What you are asked to do: Nothing should appear in the answer except the lines below from the line containing "Джинсы с низкой" through the line containing "Somier reforzado de", copied exactly, with pictures left out.

Supplied records:

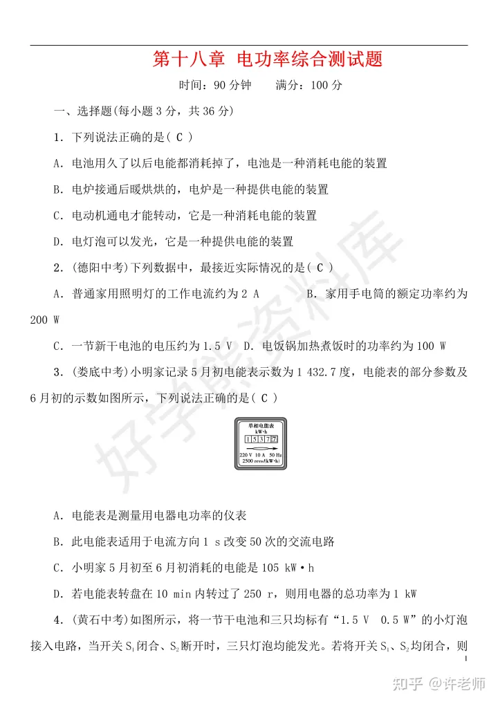 2023年初中物理电功率综合测试
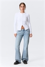 Джинсы с низкой посадкой, облегающим кроем и длинной штаниной. Джинсы изготовлены из органического хлопка с добавлением переработанного хлопка. Они имеют классический дизайн с 5 карманами и застежку-молнию.
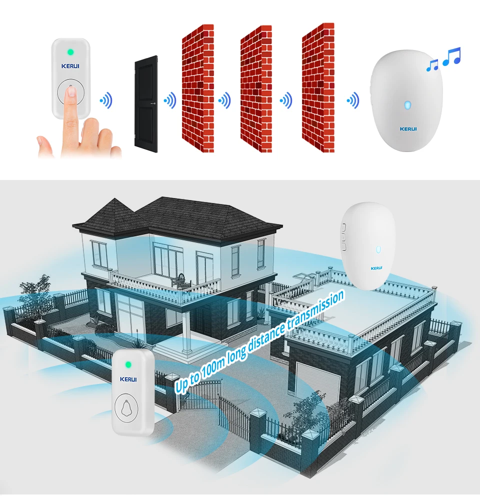 Відстані 80 метрів достатньо, щоб покрити всі двері і вікна вашого будинку. Кожен бездротової приймач дверного дзвінка може бути з'єднаний з 20 магнітними датчиками сигналізації, і кожен датчик може додати необмежену кількість приймачів. Не тільки дверний дзвінок, але і може використовуватися в якості сигналу тривоги.
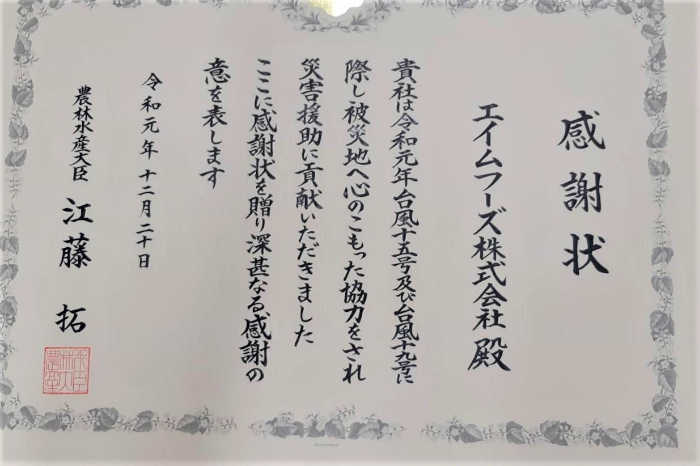 2019年度の台風15号、19号の台風被害によりエイムフーズ株式会社では千葉県を中心とした災害地域への避難場所へ当社
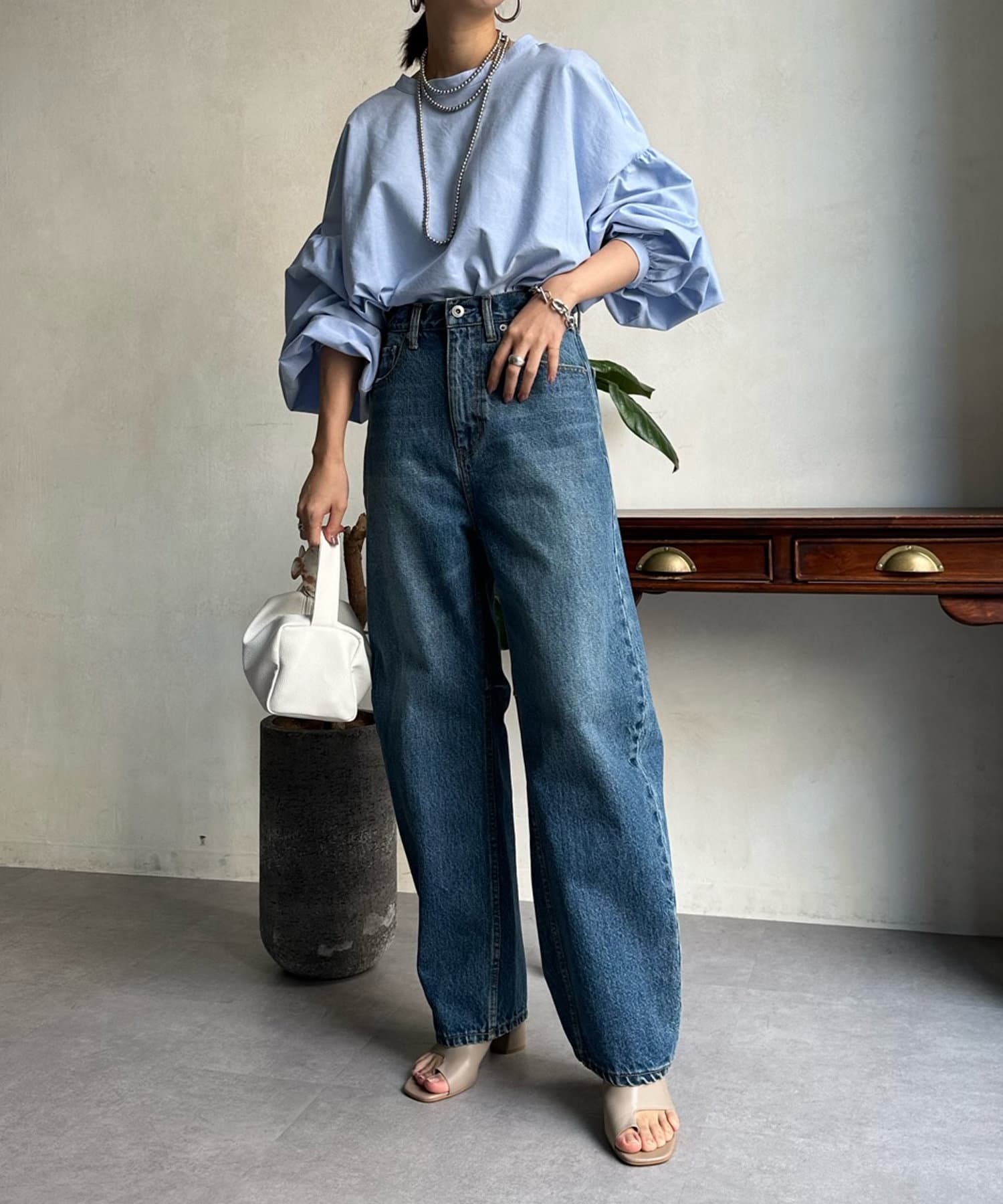 コンパクトなトップスとシンプルにスタイリングするだけでも、ワンランク上のデニムコーデが楽しめる主役級の1着です。
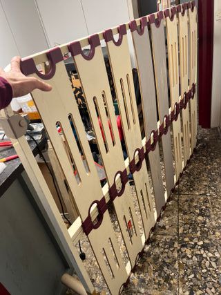 Somier reforzado de la marca RELAX, modelo GRAN LAMA. - Muy resistente. - Láminas anchas de madera. - Soportes de plástico resistentes. - Diseño con orificios para ventilación. Algunos desperfectos en la pintura pero extructuralmente en buenas condiciones.
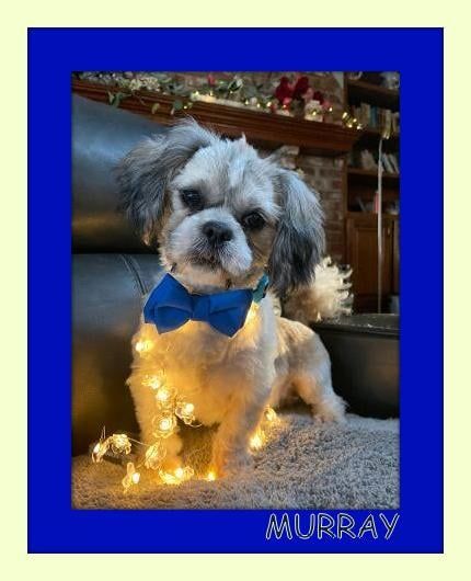 Two weeks ago a friend of mine went to an auction in KC...she does transport for Westie rescue back East and while there, felt it imperative to save two dogs from an even worse situation then they were in...going to yet another greedy and uncaring breeder. They had numbers on tight little chains around their neck, and this little guy is number 54. His pal, number 3 was adopted today, and Murray is greatly missing his friend. Murray's papers say he is a 3 yr old Shih Tzu who is now neutered and has been groomed. He is looking a bit rough because his body was long and matted, and someone had shaved his face before the auction. Our groomer evened him up and he will be gorgeous when everything grows out and matches. Most of the mill dogs we get are terrified and shrink from people, but Murray blossomed after about three days and now prances around and wags his tail continually....loving everyone he meets. He weighs around 12 lbs and has a beautiful curly gray and white fluffy coat. I love it when people ask me if he gets along with other dogs, and I ask if 50 is enough to make a determination. Cats...we do not have any. I doubt he is Cujo around cats and he is not housebroken. How could he be???? His adoption fee is higher than usual because we have to reimburse the woman who bought him. So, we can discuss his fee with serious people...not just window shoppers!!
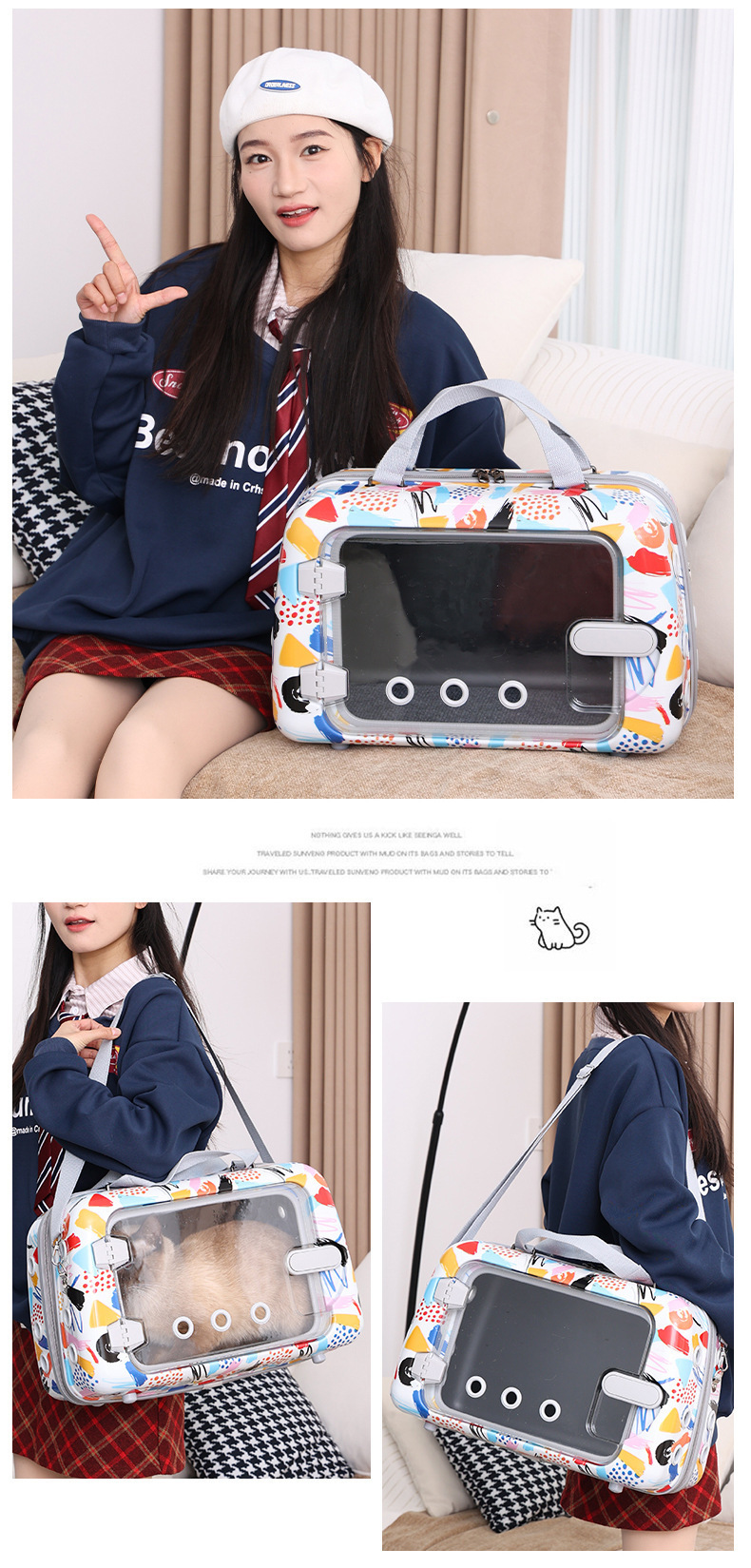 휴대용 외출가방, 고양이가방, 대용량 휴대용 숄더백, 사계절 통기성 휴대용 숄더백, 자동차용 애완동물 가방
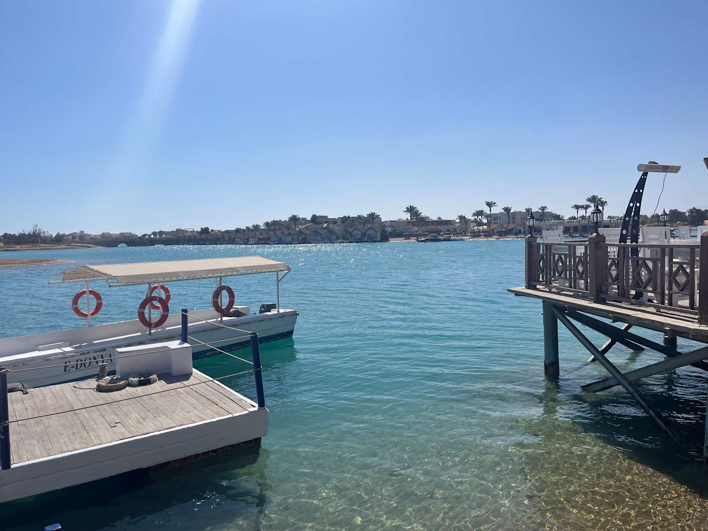Lagune direkt am Hotel mit dem Shuttle-Boot, um an den Strand zu kommen
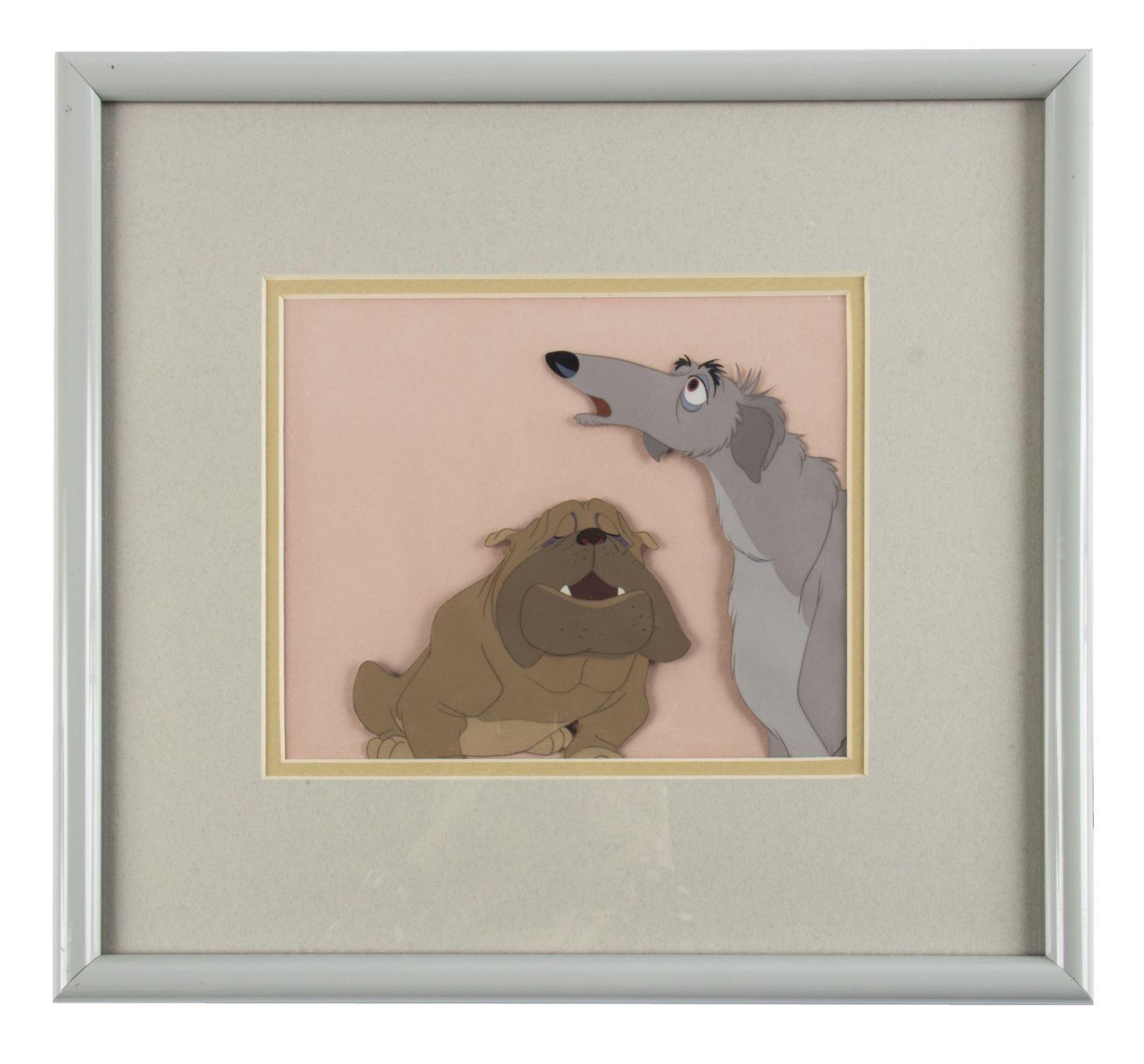 (Walt Disney Studios, 1955) An original production cel of the pound dogs Bull and Boris from the feature film Lady and the Tramp. This hand-painted cel was originally sold at the Disneyland Art Corner, and still has the original gold Art Corner label on the reverse. The cel has an image size of 6"x7.5" within its 12.5"x13.75" frame. The cel has not been examined out of frame, but appears to be in very good condition with minor wear to the frame from previous display.
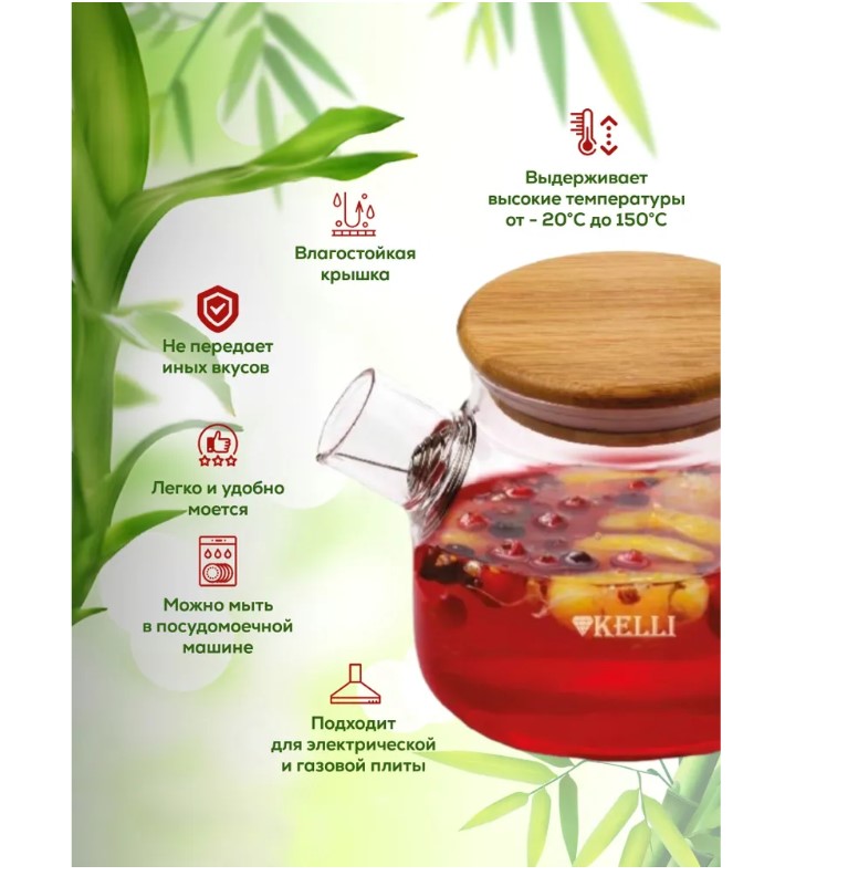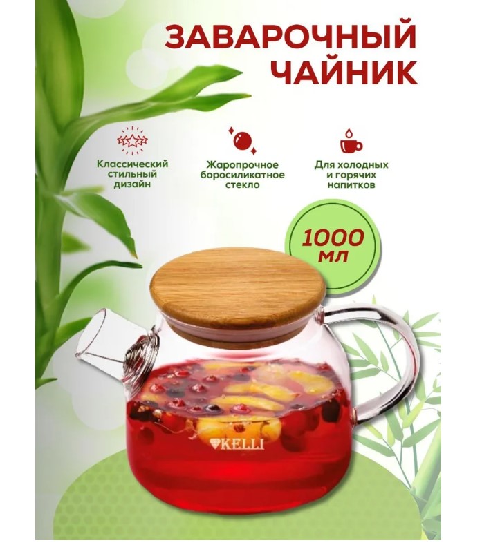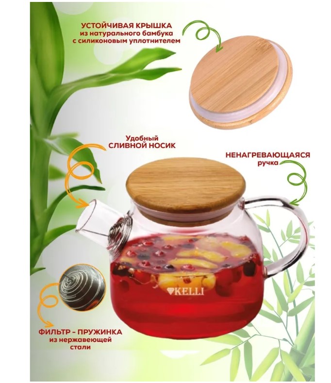 Заварочный чайник Kelli KL-3226 в форме "Бочонка" объемом 1000 мл изготовлен из жаропрочного боросиликатного стекла. Носик позволяет разлить напиток без проливания. Встроенный в носик фильтр-пружинка из нержавеющей стали задерживает чаинки и кусочки фруктов в чайнике. Бамбуковая крышка делает чайник невероятно стильным и практичным, и при этом она имеет силиконовый уплотнитель и снизу облицована пластиной из пищевой нержавеющей стали. А это значит, что крышка долговечна, не упадет при наливании напитка и убережет руки от ожогов. В заварочном чайнике можно приготовить любой напиток, насладиться вкусом и ароматом чая. Прозрачный корпус позволит наблюдать за магическим процессом раскрытия чайного листа, цветов и фруктов. Этот чайник станет прекрасным подарком, и создаст уютную атмосферу чаепития в кругу семьи и друзей.
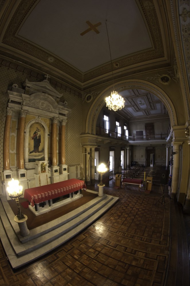 La nave principal, proporcionada, se destaca por la simplicidad de sus líneas y las grandes ventanas altas de vano de medio punto que la iluminan. A la izquierda del arco toral, se encuentra adosado un púlpito de madera barnizada que resalta por la riqueza de su talla.
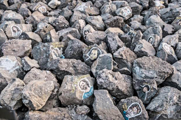 É que dão música, as rochas deste pedaço de costa em Santa Cruz de Tenerife.  A história de uma arte canta de seixo em seixo, embalada no ritmo do suave marulhar. Jimi Hendrix, Elvis Presley, Madonna, Janis Joplin, Brahms. Cem rostos icónicos do mundo da música sobressaem nos rochedos. Uma exposição de “retratos para melómanos”, lê-se numa das rochas, obra de Stoyko Gagamov. Foi em 2011 que a música deu à costa em Santa Cruz de Tenerife, quando o artista búlgaro, radicado na ilha espanhola desde 2008, começou ali a deixar, quase todas as manhãs, mais uma figura da ecléctica coletânea, ficaremos mais tarde a saber. Elton John,  Miles Davis, David Bowie, Chopin. Corremos a costa como quem colecciona cromos, à procura dos artistas preferidos. Entre os desenhos, um pescador lança a cana ao pôr do sol de Tenerife, alheio à sinfonia que entoam as rochas. O rádio portátil sintoniza um jogo de futebol.

Response to this exercise:
 Джинсы с низкой посадкой, облегающим кроем и длинной штаниной. Джинсы изготовлены из органического хлопка с добавлением переработанного хлопка. Они имеют классический дизайн с 5 карманами и застежку-молнию.
 Відстані 80 метрів достатньо, щоб покрити всі двері і вікна вашого будинку. Кожен бездротової приймач дверного дзвінка може бути з'єднаний з 20 магнітними датчиками сигналізації, і кожен датчик може додати необмежену кількість приймачів. Не тільки дверний дзвінок, але і може використовуватися в якості сигналу тривоги.
 2019年度の台風15号、19号の台風被害によりエイムフーズ株式会社では千葉県を中心とした災害地域への避難場所へ当社
 コンパクトなトップスとシンプルにスタイリングするだけでも、ワンランク上のデニムコーデが楽しめる主役級の1着です。
 Somier reforzado de la marca RELAX, modelo GRAN LAMA. - Muy resistente. - Láminas anchas de madera. - Soportes de plástico resistentes. - Diseño con orificios para ventilación. Algunos desperfectos en la pintura pero extructuralmente en buenas condiciones.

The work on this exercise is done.